─── RECORDS SUPPLIED ───

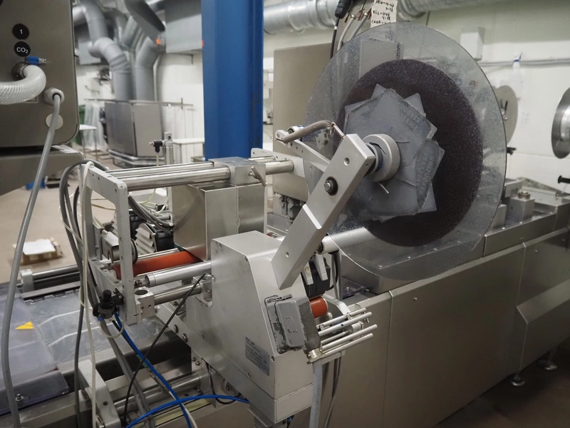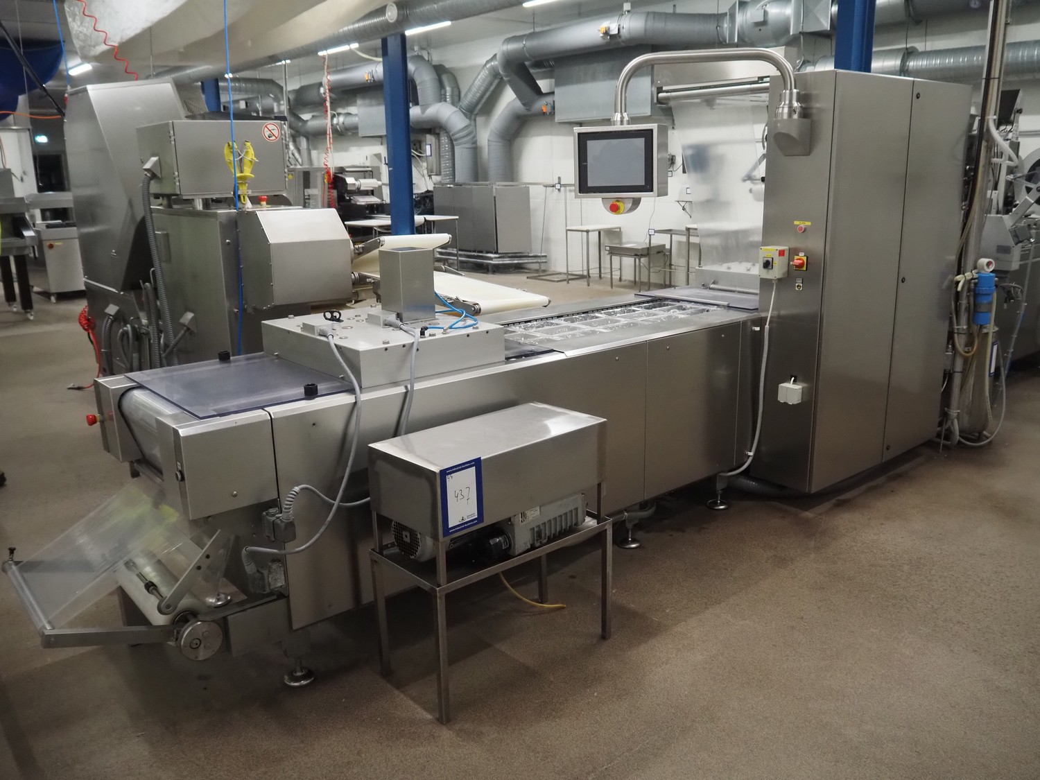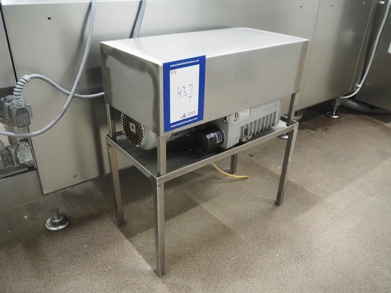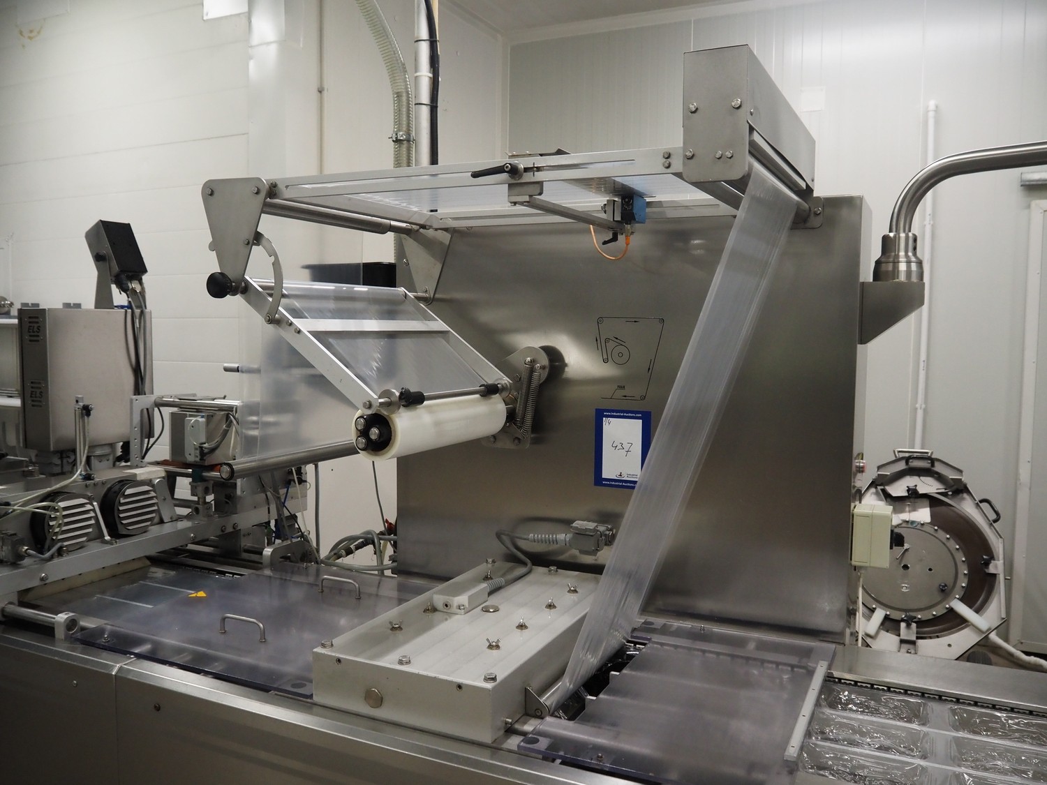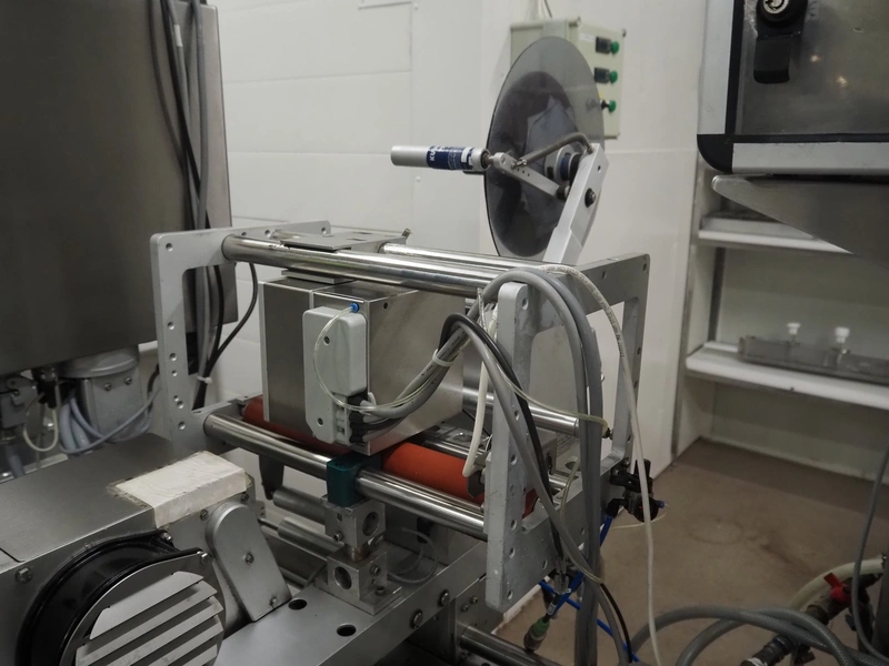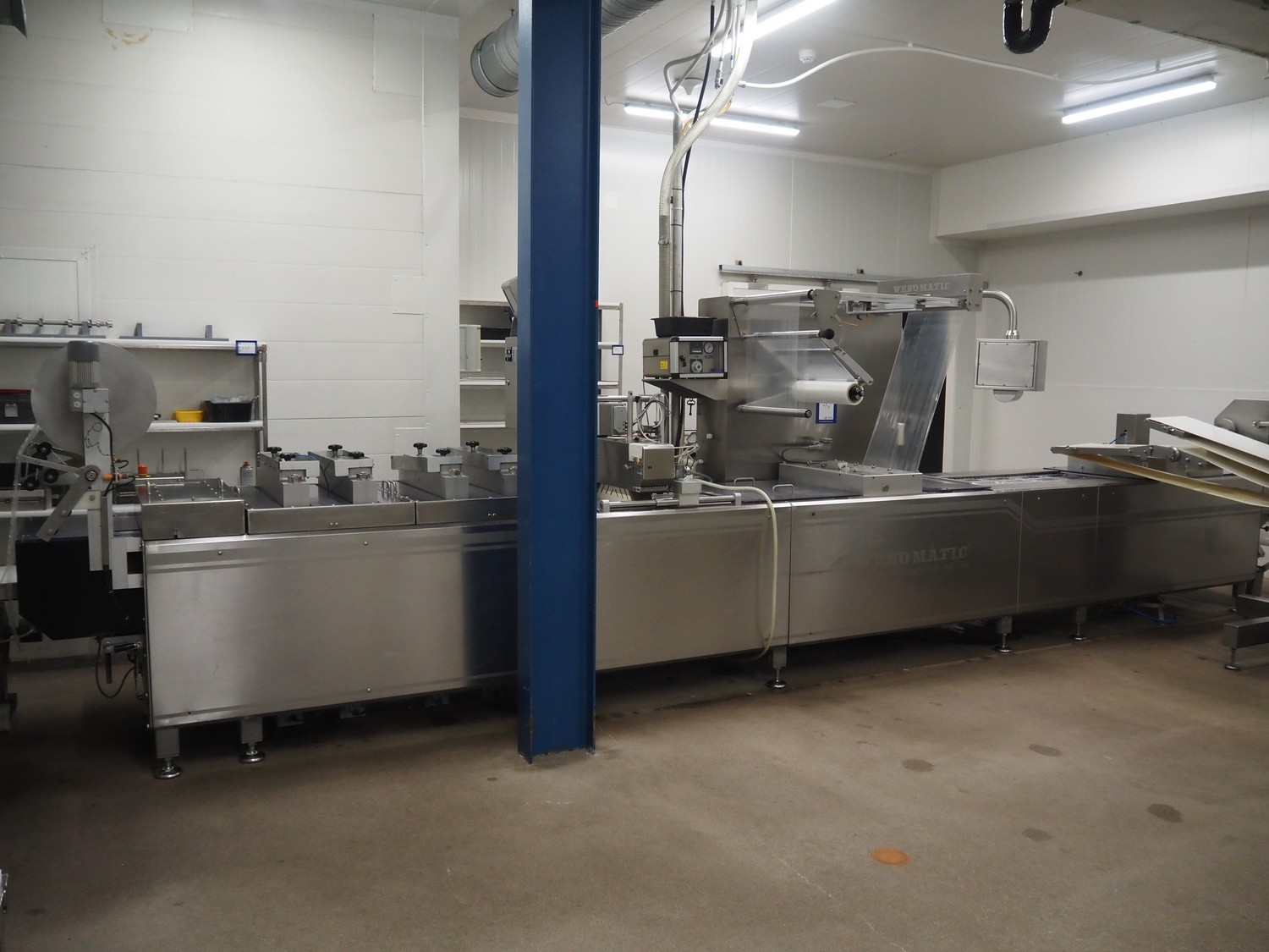 Webomatic thermoformer, type: APS ML-7100, serial number: C 6513LD189, 400 V, 3 Ph, 50 Hz, 37.8 A, 24.5 kW, film width: (bottom) 462 mm and (top) 456 mm, dye: (3x) 220 mm x 130 mm, ELS label unit, Witt gas mixing station, with Busch vacuum pump, plastic outfeed belt, belt width: 400 mm, total dimensions: 7350 mm x 1450 mm x 1950 mm. Including 2 s/s racks with parts, dimensions dye: (8x) Ø 95 mm, dimensions racks: 1800 mm x 400 mm x 1970 mm and 1500 mm x 300 mm x 1590 mm.
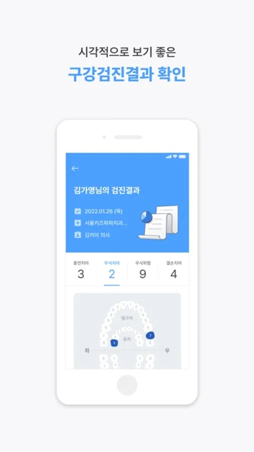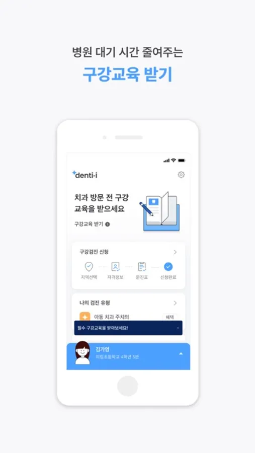 덴티아이를 통해 구강검진 신청하기, 검진 대상 조회하기, 지정병원 찾기, 구강검진 결과 조회하기, 구강교육 받기를 이용해 보세요.
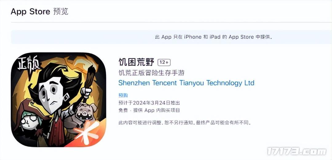 遊戲最早於2023年12月獲得國服版號,當時的遊戲名字爲《饑荒:新家園》。隨後在今年的1月遊戲改名爲《飢困荒野》。根據App Store商店顯示的消息來看,遊戲預計將於3月24日上線。
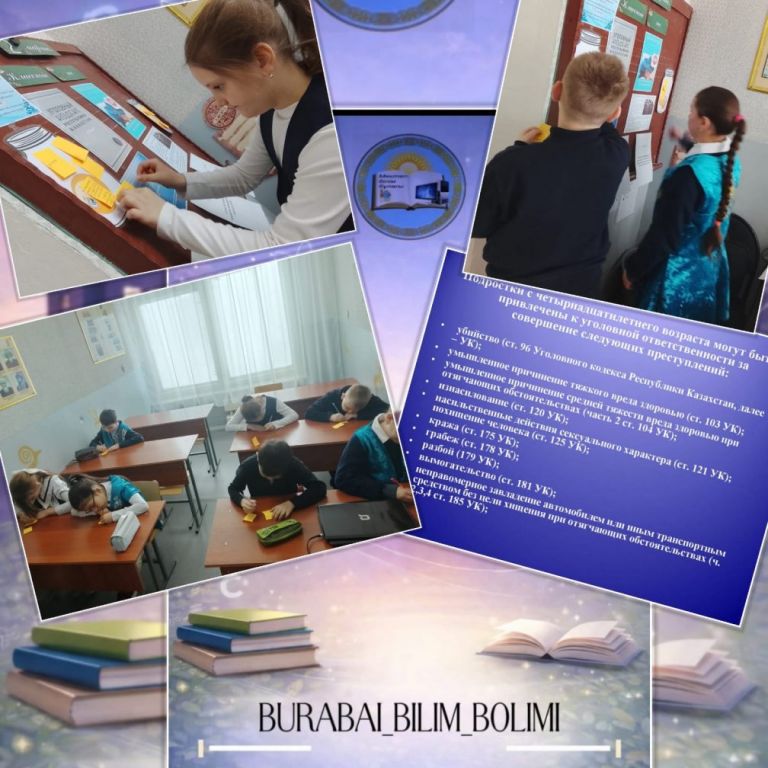«Адал азамат» біртұтас тәрбие бағдарламасы аясындағы «Заң мен тәртіп» айлығы шеңберінде 5 сынып оқушыларымен «Жасөспірімнің әкімшілік және қылмыстық жауапкершілігі» тақырыбында сынып сағаты өткізілді.
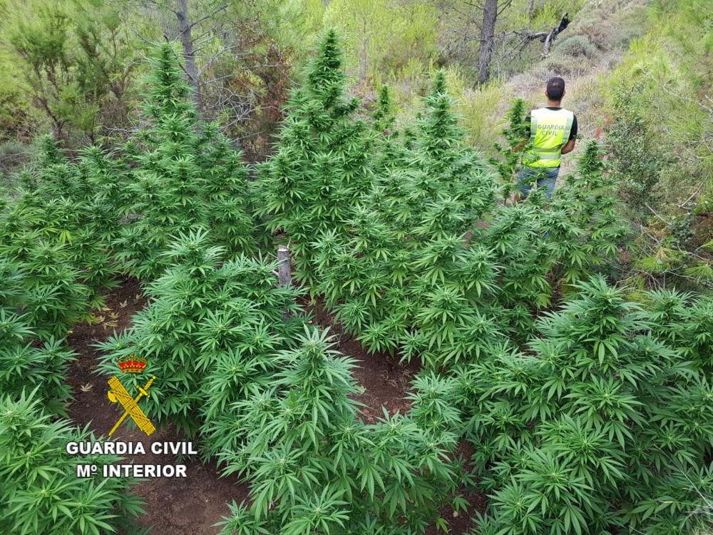 La actuación se inició con motivo de los servicios que la Guardia Civil tiene establecidos para combatir el tráfico y cultivo de sustancias estupefacientes en la provincia de Castellón, cuando agentes del Cuartel de Onda descubrieron una plantación ilegal de marihuana escondida en una zona boscosa de pinos del término municipal de Sueras.
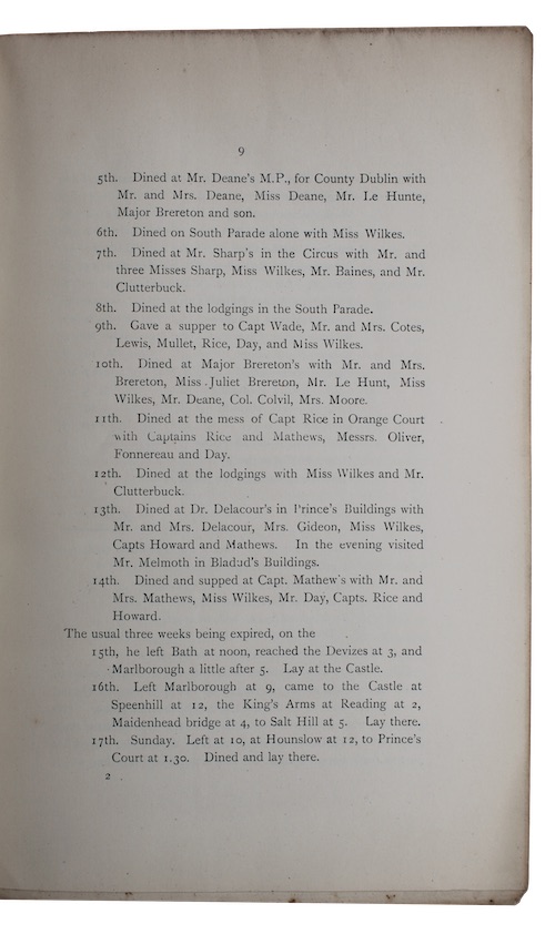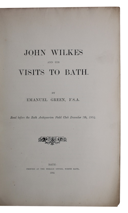 The first edition of a paper read before the Bath Antiquarian Field Club on 7th December 1904, documenting the visits to Bath made by M.P. for Aylesbury and sometime Mayor of London, John Wilkes (1727-1797).

───

→ YOUR TASK
Could you retype the records above exactly, omitting the pictures?

→ OUTPUT
 Webomatic thermoformer, type: APS ML-7100, serial number: C 6513LD189, 400 V, 3 Ph, 50 Hz, 37.8 A, 24.5 kW, film width: (bottom) 462 mm and (top) 456 mm, dye: (3x) 220 mm x 130 mm, ELS label unit, Witt gas mixing station, with Busch vacuum pump, plastic outfeed belt, belt width: 400 mm, total dimensions: 7350 mm x 1450 mm x 1950 mm. Including 2 s/s racks with parts, dimensions dye: (8x) Ø 95 mm, dimensions racks: 1800 mm x 400 mm x 1970 mm and 1500 mm x 300 mm x 1590 mm.
 덴티아이를 통해 구강검진 신청하기, 검진 대상 조회하기, 지정병원 찾기, 구강검진 결과 조회하기, 구강교육 받기를 이용해 보세요.
 遊戲最早於2023年12月獲得國服版號,當時的遊戲名字爲《饑荒:新家園》。隨後在今年的1月遊戲改名爲《飢困荒野》。根據App Store商店顯示的消息來看,遊戲預計將於3月24日上線。
«Адал азамат» біртұтас тәрбие бағдарламасы аясындағы «Заң мен тәртіп» айлығы шеңберінде 5 сынып оқушыларымен «Жасөспірімнің әкімшілік және қылмыстық жауапкершілігі» тақырыбында сынып сағаты өткізілді.
 La actuación se inició con motivo de los servicios que la Guardia Civil tiene establecidos para combatir el tráfico y cultivo de sustancias estupefacientes en la provincia de Castellón, cuando agentes del Cuartel de Onda descubrieron una plantación ilegal de marihuana escondida en una zona boscosa de pinos del término municipal de Sueras.
 The first edition of a paper read before the Bath Antiquarian Field Club on 7th December 1904, documenting the visits to Bath made by M.P. for Aylesbury and sometime Mayor of London, John Wilkes (1727-1797).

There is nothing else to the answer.